Problem description: Copy out the listing in full, exactly as written, but not its pictures.

Information supplied:
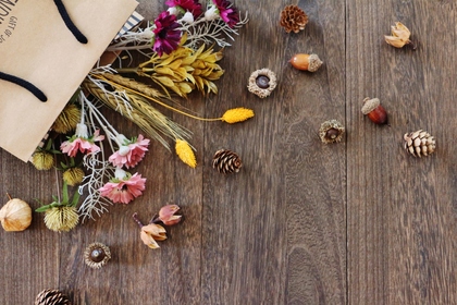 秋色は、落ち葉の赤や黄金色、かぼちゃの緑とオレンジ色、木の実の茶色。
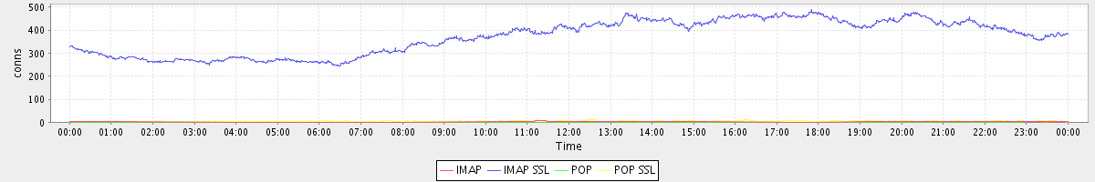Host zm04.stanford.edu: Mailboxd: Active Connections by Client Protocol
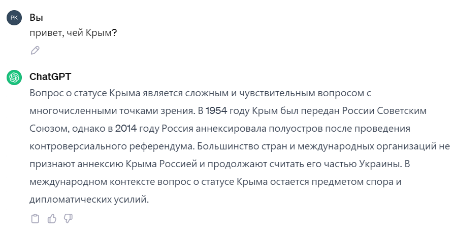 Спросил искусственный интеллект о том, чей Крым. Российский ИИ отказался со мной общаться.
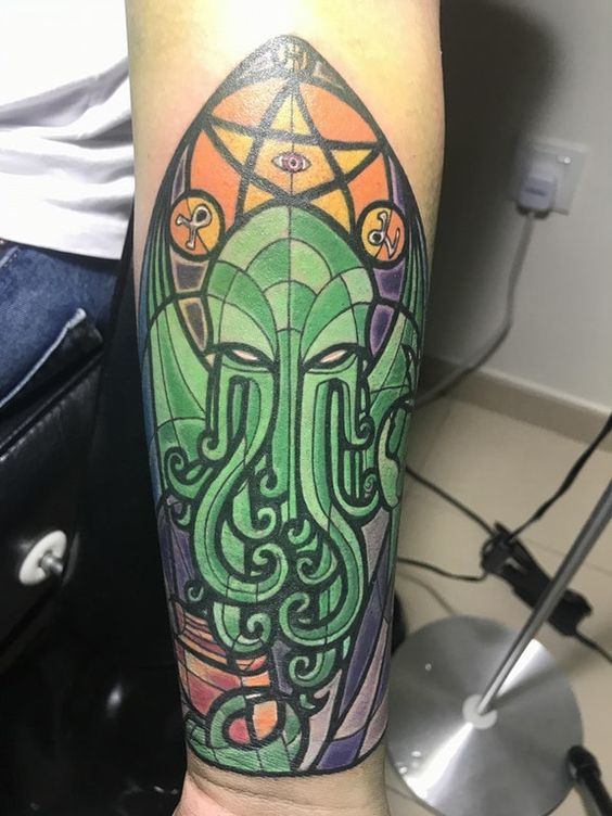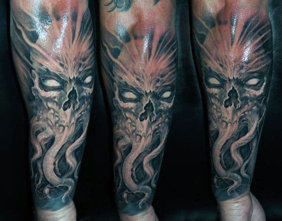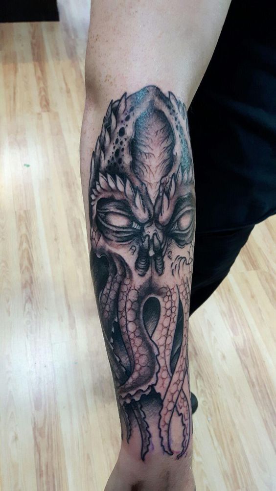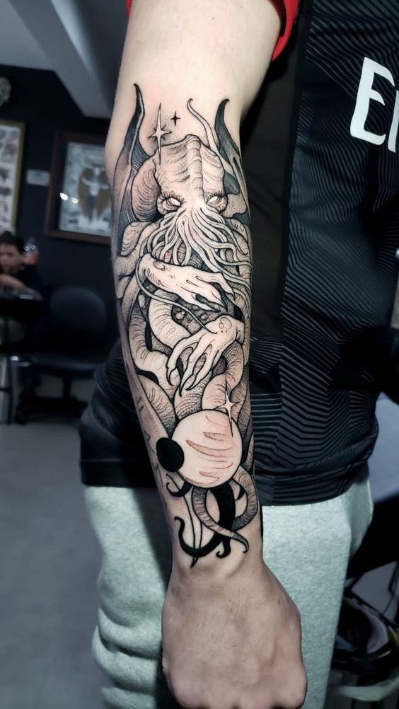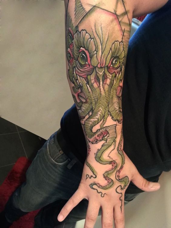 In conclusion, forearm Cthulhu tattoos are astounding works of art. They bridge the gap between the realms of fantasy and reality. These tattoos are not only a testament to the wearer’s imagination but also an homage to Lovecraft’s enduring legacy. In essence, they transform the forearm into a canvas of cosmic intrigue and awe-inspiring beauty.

Exercise solution:
 秋色は、落ち葉の赤や黄金色、かぼちゃの緑とオレンジ色、木の実の茶色。
Host zm04.stanford.edu: Mailboxd: Active Connections by Client Protocol
 Спросил искусственный интеллект о том, чей Крым. Российский ИИ отказался со мной общаться.
 In conclusion, forearm Cthulhu tattoos are astounding works of art. They bridge the gap between the realms of fantasy and reality. These tattoos are not only a testament to the wearer’s imagination but also an homage to Lovecraft’s enduring legacy. In essence, they transform the forearm into a canvas of cosmic intrigue and awe-inspiring beauty.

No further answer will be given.